While the strategy looks complicated, the underlying explanation is very clear. These ETFs thrive when the market sentiment is upbeat and the fear level is low. This situation reduces the implied volatility in the market which in turn helps these ETFs to post significantly high returns.
Furthermore, the ETFs’ short term focus helps it them magnify gains further since the short term future contracts are more sensitive to contango. Yet for a change, contango which is considered to be the biggest worry for futures backed products is actually helping them.
This is especially true considering two very important factors 1) the inverse nature of these products, coupled with 2) A heavy contango across volatility futures curve due to the broader market surge of late. These two factors along with the short term focus have resulted in a terrific run for these two ETFs.
The chart above represents one year comparative performance of three products (including SVXY and XIV) which can be utilized by investors to bet on the S&P 500 uptrend. The other product is the SPDR S&P 500 ETF (SPY - Free Report) which tracks the S&P 500 Index directly.

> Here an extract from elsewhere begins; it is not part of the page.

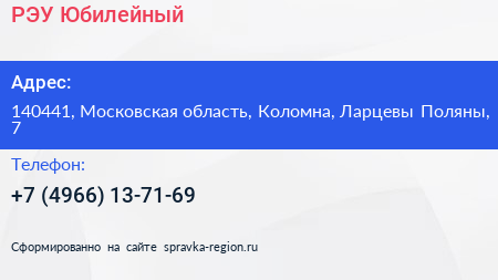 РЭУ Юбилейный по адресу 140441, Московская область, Коломна, Ларцевы Поляны, 7 в дальнейшем Организация, размещена в следующих категориях:

Not surprisingly, the inverse VIX ETFs have outperformed SPY by an unbeatable margin. This disparity in returns has been due to the daily rebalancing technique of the inverse VIX ETFs coupled with the contango effect. Over the last one year XIV and SVXY have returned 150% and 146.30% respectively, compared to SPY returning 14.02% (see Three Surging ETFs with Strong Momentum).
However, these inverse volatility ETFs are not meant for everyone. These products are vulnerable even to the slightest movements in the underlying market. The annualized standard deviations for these two products are around 69% each which shows that these products are extremely volatile in nature. Nevertheless, for well informed investors having an above par risk tolerance, these two ETFs can surely be a fantastic bet.